Proces ws. organizacji lotu do Smoleńska. Sąd ponownie wezwał Tomasza Arabskiego
Sąd ponownie wezwał Tomasza Arabskiego na proces ws. niedopełnienia obowiązków przy organizacji lotu 10 kwietnia 2010 r. do Smoleńska. Jest on jedną z pięciu osób oskarżonych w trybie prywatnym przez rodziny ofiar katastrofy smoleńskiej.
2016-06-10, 14:24
Posłuchaj
W piątek Arabski - b. szef kancelarii premiera Donalda Tuska - nie stawił się w Sądzie Okręgowym w Warszawie, mimo sądowego wezwania sądu, który m.in. chce odebrać od niego dane osobowe. Jego obrońca mec. Andrzej Bednarczyk - tłumacząc to odległością 400 km Gdańska od Warszawy - wniósł o zrealizowanie tej czynności przez sąd w Gdańsku, gdzie oskarżony mieszka. Adwokat dołączył oświadczenie Arabskiego o jego danych osobowych i wniósł o zwolnienie go z obowiązku stawiennictwa.
Prok. Przemysław Ścibisz wniósł, by sąd ponownie wezwał Arabskiego. Poparli go pełnomocnicy oskarżycieli prywatnych.
Sąd nie uwzględnił wniosku mec. Bednarczyka o pomoc prawną sądu w Gdańsku i wezwał Arabskiego do obowiązkowego stawiennictwa na kolejną rozprawę 11 sierpnia.
- To najwyżej niedogodność, a nie przeszkoda - powiedział sędzia Hubert Gąsior o argumencie znacznej odległości miejsca zamieszkania oskarżonego od sądu. Sędzia dodał, że chodzi tu nie tylko o odebranie jego danych osobowych, ale także i wysłuchanie jego ewentualnych wyjaśnień - jeśli będzie chciał je złożyć.
REKLAMA
Sąd wniósł do stron o rozważenie rezygnacji z wzywania na rozprawy jako świadków ponad 20 osób, m.in. Donalda Tuska i Radosława Sikorskiego. Ich zeznania nie mają - według sądu - bezpośredniego związku z zarzutami aktu oskarżenia.

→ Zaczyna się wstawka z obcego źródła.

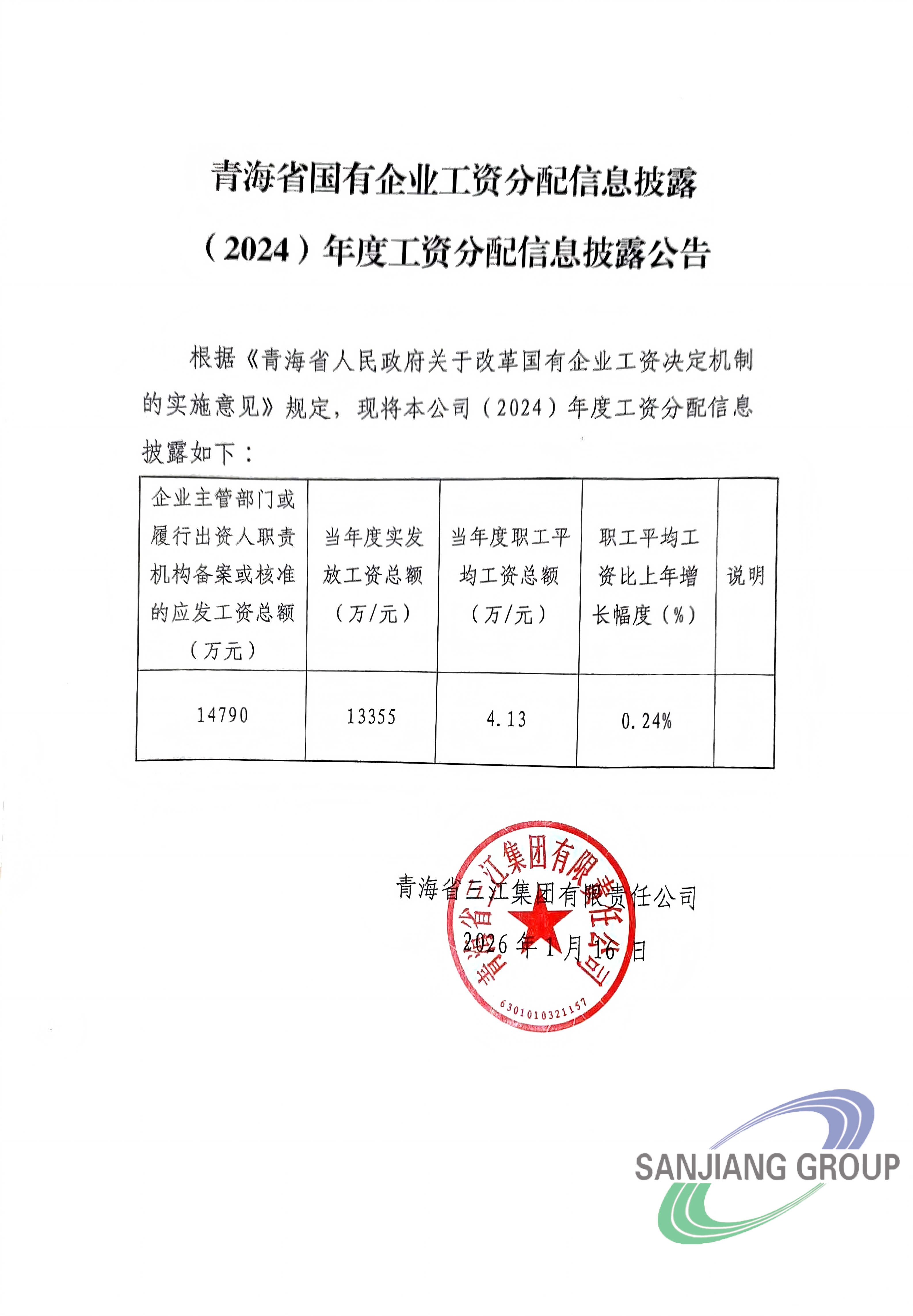 青海省国有企业工资分配信息披露 (2024)年度工资分配信息披露公告

Zobacz specjalny serwis poświęcony katastrofie smoleńskiej >>>
10 kwietnia 2010 r. pod Smoleńskiem zginęło 96 osób, w tym prezydent Lech Kaczyński, jego małżonka, wielu wysokich urzędników państwowych i dowódców wojskowych. Polskie śledztwo do początków kwietnia prowadziła Wojskowa Prokuratura Okręgowa w Warszawie. Postawiła ona zarzuty dwóm kontrolerom lotów ze Smoleńska (dotychczas nie zdołano im ich przedstawić) oraz dwóm oficerom z rozwiązanego po katastrofie 36. pułku lotniczego. 4 kwietnia śledztwo przejęła Prokuratura Krajowa z nowym zespołem śledczym. Własne śledztwo prowadzi strona rosyjska, która wiele razy podkreślała, że przed jego zakończeniem nie zwróci Polsce wraku Tu-154 i jego "czarnych skrzynek".